7 Our detailed findings were:
1 The terms of the original bank finance appear in line with other early PFI deals but subsequent improvements in PFI financing terms mean that, although the Trust has received a share of the refinancing gains, it continues to pay a premium on the financing costs compared to current deals
i The terms of the bank finance in the original deal appear competitive for a bank financed PFI deal at that time (paragraph 1.1).
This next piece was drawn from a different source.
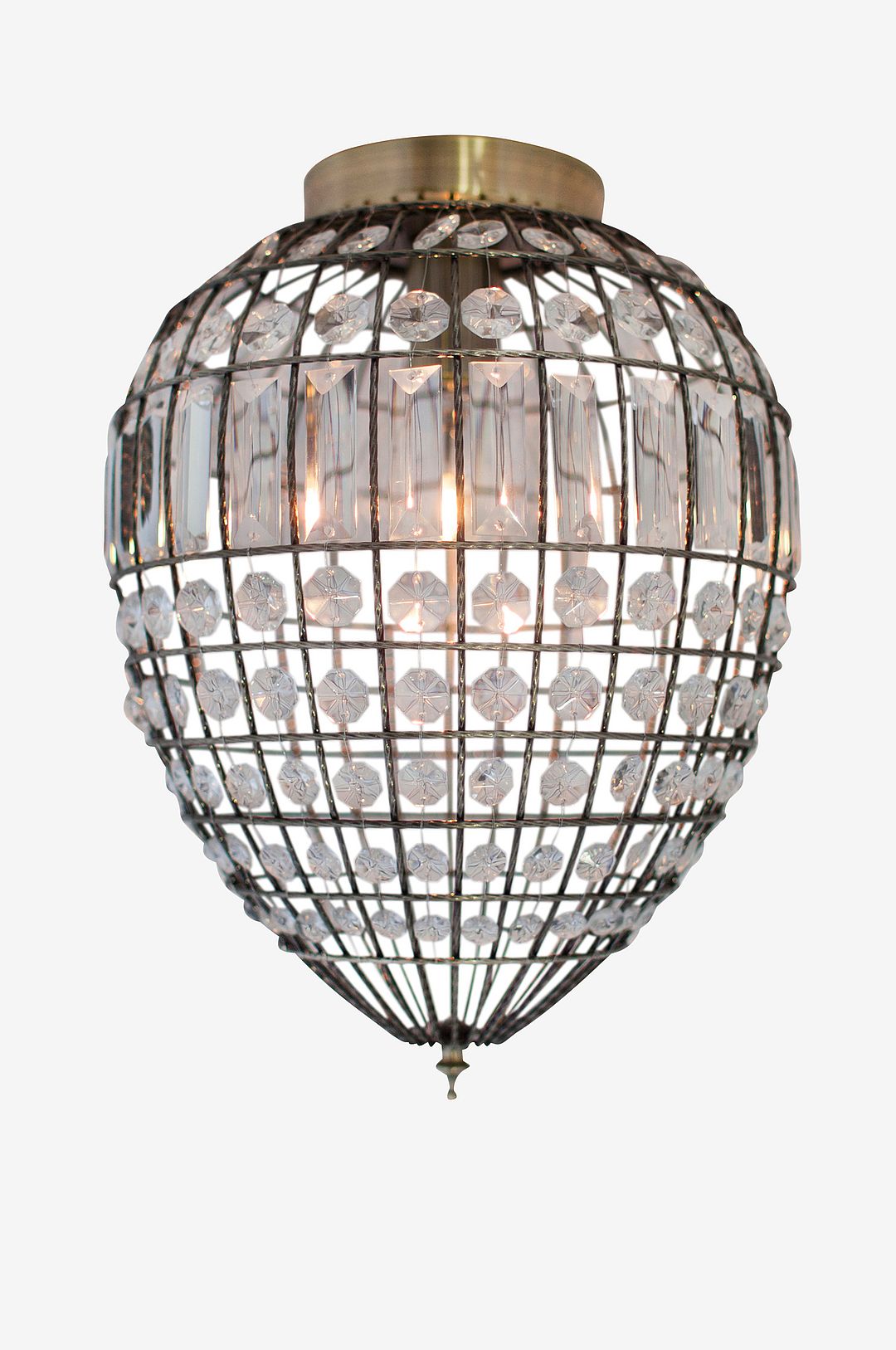 Plafond Amadeus i antikfärgad metall och med prismor i klarglas. H: 39 cm, Ø: 30 cm. E27 stor sockel max 60W (ingår ej). Krokupphängning.Takkontakt ingår ej på grund av nytt EU direktiv. De finns att beställa separat.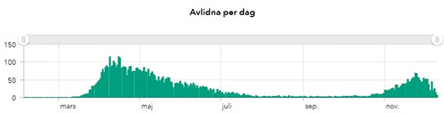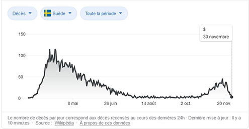 Pour obtenir le schéma ci-dessus, il suffit de mettre "suede coronavirus morts" dans Google. Cette image n’est qu’une copie d’écran de ce qu’on obtient alors. Mais, dans Google, on peut balader le curseur de la souris sur le schéma, et on voit alors au jour le jour le nombre de morts. Pour la copie d’écran, j’ai mis le dernier jour pour lequel il y avait des données. Il y a eu seulement 3 morts le 30 novembre 2020.

ii The successful delivery of the new hospital and the maturing PFI market have enabled better financing terms to be obtained on the funding in place prior to the refinancing producing a £34 million gain (paragraph 1.2).
iii Octagon has been able to generate further refinancing gains of £81 million from the improved market for financing PFI hospitals and lower general interest rates, mainly by increasing its borrowings and accelerating its shareholder distributions (paragraph 1.3).
iv The Trust is receiving both benefits from the refinancing in accordance with the new code and also new risks but has assessed the overall effect of the refinancing as value for money (paragraph 1.4).
v After sharing in refinancing benefits NHS Trusts continue to pay a premium on the financing costs of early PFI hospital deals compared to current deals (paragraph 1.5).
2 There are other factors which may affect the overall comparison of the Trust's deal with current PFI deals including the fact that the benefits of a new hospital have been received earlier than in many other communities and the high rates of recent construction cost inflation have been avoided.
i There are a range of factors, some of which have yet to be fully analysed by the Department, which will have affected the pricing of current PFI hospital deals compared with early PFI deals (paragraph 2.1).
ii One significant factor, construction cost inflation, has been much higher than general inflation in recent years (paragraph 2.2).
iii The Department has demonstrated that, if no other savings are priced into a current bid, then the additional building costs arising from construction cost inflation probably offset the benefit of the lower financing costs which are now available (paragraph 2.3).
iv The Trust and the local community have received the benefits of a new hospital earlier than many other communities (paragraph 2.4).
3 It might have been possible for the Trust to have improved the original deal with greater competition and better defined requirements in the closing stages but the Trust is not convinced that this would have brought added benefits as it sought to close a pathfinder deal which had already been assessed as value for money
i The Trust's approved business case assessed this early PFI hospital deal as value for money when the contract was let in 1998 and when the additional works were commissioned in 2001 (paragraph 3.1).
ii Alternative financing solutions were not seriously explored to ensure the financing terms remained competitive during a two year deal closure, the Trust considering that it did not wish to further delay the project and that it was not convinced that the overall terms of the deal could be improved bearing in mind the relatively undeveloped state of the PFI financing market at that time (paragraph 3.2).
iii The annual charge increased by a fifth in a non-competitive situation due to specification changes, including an increase in the number of beds of over 40 per cent, although the Trust took steps to test through benchmarking that the pricing of this additional work was reasonable (paragraph 3.3).